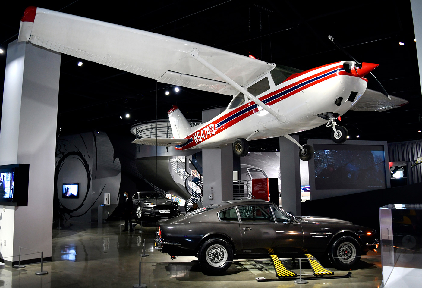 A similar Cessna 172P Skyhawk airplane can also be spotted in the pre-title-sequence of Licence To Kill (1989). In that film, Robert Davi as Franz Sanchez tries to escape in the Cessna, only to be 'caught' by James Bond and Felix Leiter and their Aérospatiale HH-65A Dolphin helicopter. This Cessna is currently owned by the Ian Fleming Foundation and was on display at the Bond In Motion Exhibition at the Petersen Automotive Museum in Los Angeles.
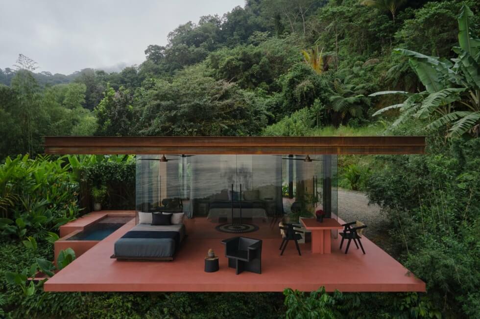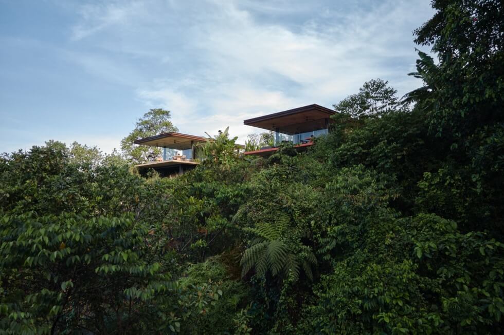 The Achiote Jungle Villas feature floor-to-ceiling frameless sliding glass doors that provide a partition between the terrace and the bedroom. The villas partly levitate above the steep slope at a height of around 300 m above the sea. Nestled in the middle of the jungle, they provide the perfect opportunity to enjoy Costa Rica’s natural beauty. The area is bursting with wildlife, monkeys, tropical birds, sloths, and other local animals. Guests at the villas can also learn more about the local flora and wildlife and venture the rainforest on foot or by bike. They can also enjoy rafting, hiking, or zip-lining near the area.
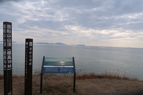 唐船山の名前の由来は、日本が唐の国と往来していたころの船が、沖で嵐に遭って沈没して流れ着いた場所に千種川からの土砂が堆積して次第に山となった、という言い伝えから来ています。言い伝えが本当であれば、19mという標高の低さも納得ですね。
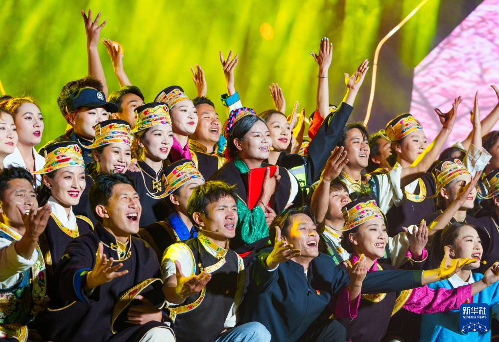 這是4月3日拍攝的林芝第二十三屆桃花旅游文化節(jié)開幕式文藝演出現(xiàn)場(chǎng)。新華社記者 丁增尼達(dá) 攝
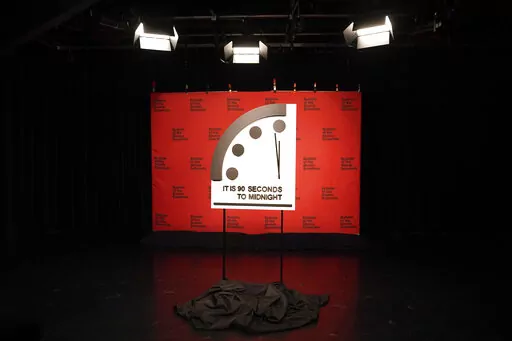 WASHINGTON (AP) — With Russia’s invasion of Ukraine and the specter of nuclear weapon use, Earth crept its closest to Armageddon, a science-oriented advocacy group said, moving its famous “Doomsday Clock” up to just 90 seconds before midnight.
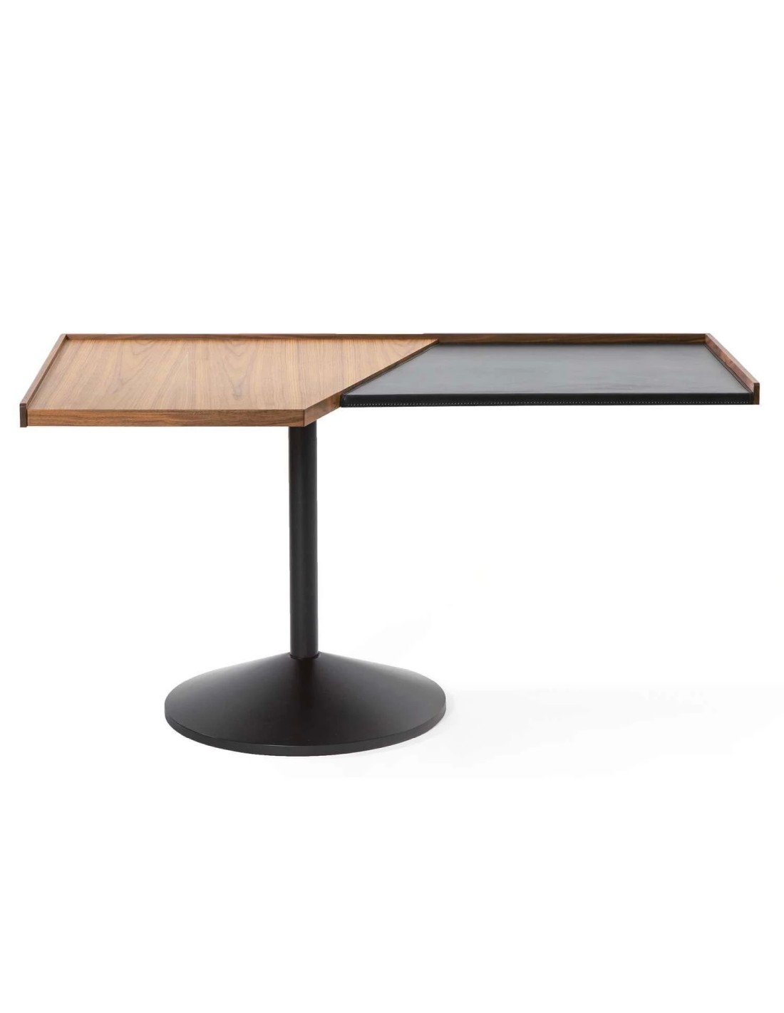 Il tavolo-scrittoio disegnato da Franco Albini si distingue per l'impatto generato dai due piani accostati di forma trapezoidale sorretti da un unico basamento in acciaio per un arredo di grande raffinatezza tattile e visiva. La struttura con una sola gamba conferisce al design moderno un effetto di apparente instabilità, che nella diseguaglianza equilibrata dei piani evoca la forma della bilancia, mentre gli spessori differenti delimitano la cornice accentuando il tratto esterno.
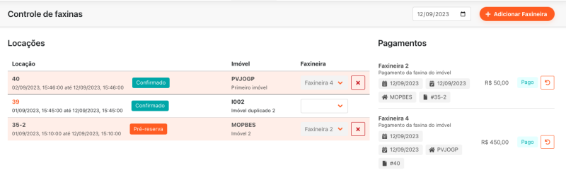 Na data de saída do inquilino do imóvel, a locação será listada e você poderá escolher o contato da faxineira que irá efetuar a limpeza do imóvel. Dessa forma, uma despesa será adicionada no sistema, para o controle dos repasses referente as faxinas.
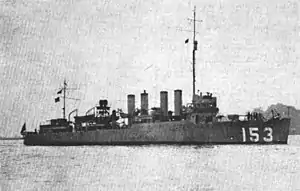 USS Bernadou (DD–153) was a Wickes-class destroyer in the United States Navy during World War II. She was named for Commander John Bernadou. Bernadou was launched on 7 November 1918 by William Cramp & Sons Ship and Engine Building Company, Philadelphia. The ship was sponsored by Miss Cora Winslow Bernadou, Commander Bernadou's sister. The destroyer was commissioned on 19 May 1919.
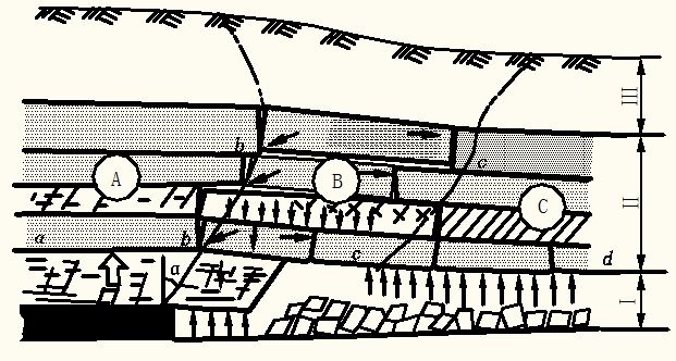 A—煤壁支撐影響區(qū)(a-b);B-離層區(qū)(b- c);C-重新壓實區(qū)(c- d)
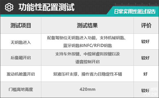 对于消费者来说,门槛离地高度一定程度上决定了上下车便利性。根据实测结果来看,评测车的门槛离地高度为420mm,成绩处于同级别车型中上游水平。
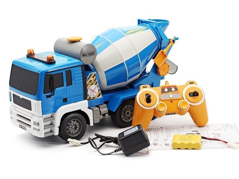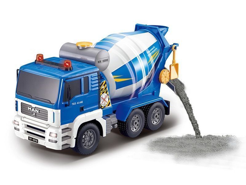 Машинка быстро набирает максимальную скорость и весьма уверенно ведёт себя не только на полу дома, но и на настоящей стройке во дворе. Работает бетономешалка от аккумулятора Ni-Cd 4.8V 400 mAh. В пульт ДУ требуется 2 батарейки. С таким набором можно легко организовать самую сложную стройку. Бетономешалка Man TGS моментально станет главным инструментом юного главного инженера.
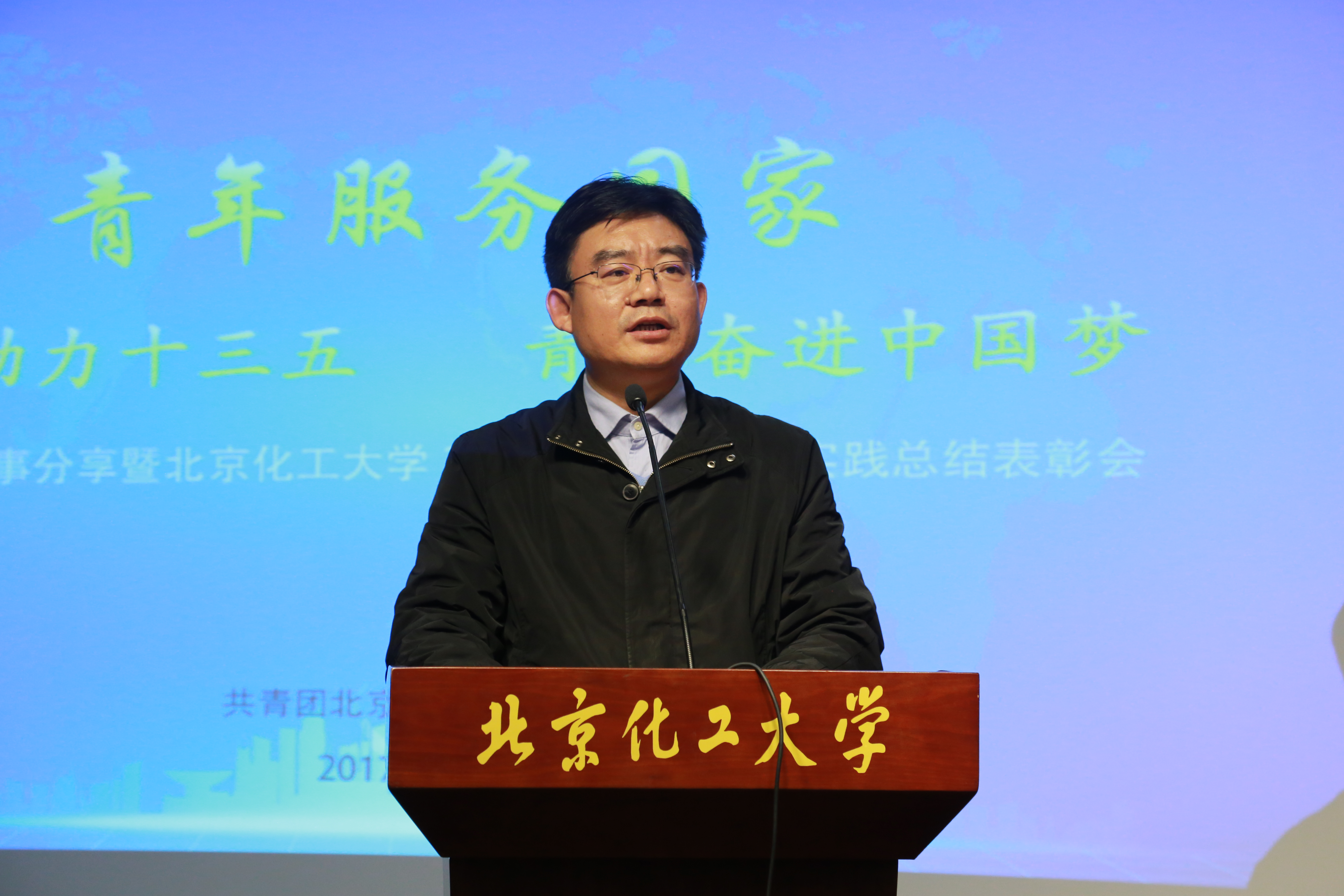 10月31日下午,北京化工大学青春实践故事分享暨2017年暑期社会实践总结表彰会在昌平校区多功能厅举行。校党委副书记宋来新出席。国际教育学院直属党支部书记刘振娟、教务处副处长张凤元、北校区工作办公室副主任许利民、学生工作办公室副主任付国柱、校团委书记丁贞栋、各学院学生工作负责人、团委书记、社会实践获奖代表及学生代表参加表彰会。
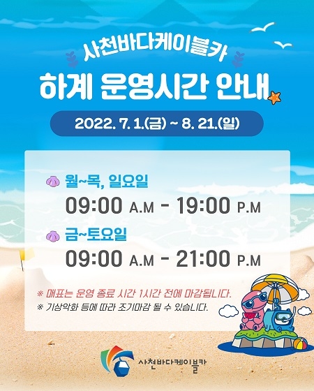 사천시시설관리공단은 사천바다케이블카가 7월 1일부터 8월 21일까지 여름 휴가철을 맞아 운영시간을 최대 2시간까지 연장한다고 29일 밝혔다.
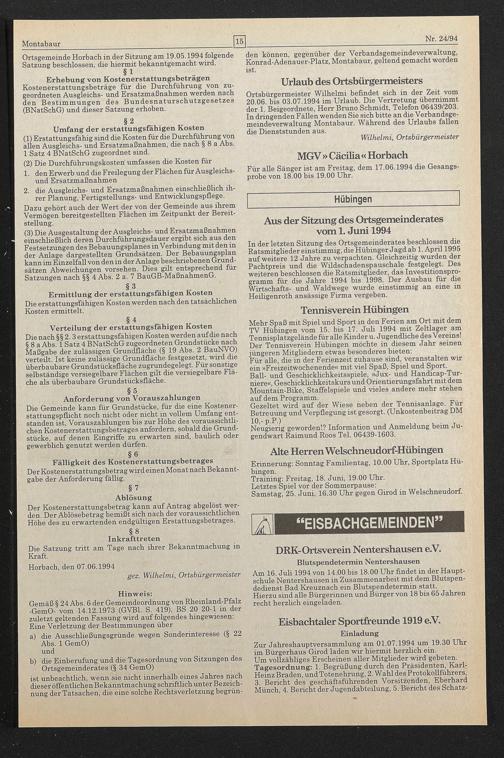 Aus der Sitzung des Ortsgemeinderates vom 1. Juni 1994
○ ○ ○
### Work instructions
Using the data above, give again exactly the lines starting at the one holding "唐船山の名前の由来は、日本が" and ending at the one holding "Na data de saída", inclusive, and nothing more. Omit the pictures.

### Answer for this exercise
 唐船山の名前の由来は、日本が唐の国と往来していたころの船が、沖で嵐に遭って沈没して流れ着いた場所に千種川からの土砂が堆積して次第に山となった、という言い伝えから来ています。言い伝えが本当であれば、19mという標高の低さも納得ですね。
 這是4月3日拍攝的林芝第二十三屆桃花旅游文化節(jié)開幕式文藝演出現(xiàn)場(chǎng)。新華社記者 丁增尼達(dá) 攝
 WASHINGTON (AP) — With Russia’s invasion of Ukraine and the specter of nuclear weapon use, Earth crept its closest to Armageddon, a science-oriented advocacy group said, moving its famous “Doomsday Clock” up to just 90 seconds before midnight.
 Il tavolo-scrittoio disegnato da Franco Albini si distingue per l'impatto generato dai due piani accostati di forma trapezoidale sorretti da un unico basamento in acciaio per un arredo di grande raffinatezza tattile e visiva. La struttura con una sola gamba conferisce al design moderno un effetto di apparente instabilità, che nella diseguaglianza equilibrata dei piani evoca la forma della bilancia, mentre gli spessori differenti delimitano la cornice accentuando il tratto esterno.
 Na data de saída do inquilino do imóvel, a locação será listada e você poderá escolher o contato da faxineira que irá efetuar a limpeza do imóvel. Dessa forma, uma despesa será adicionada no sistema, para o controle dos repasses referente as faxinas.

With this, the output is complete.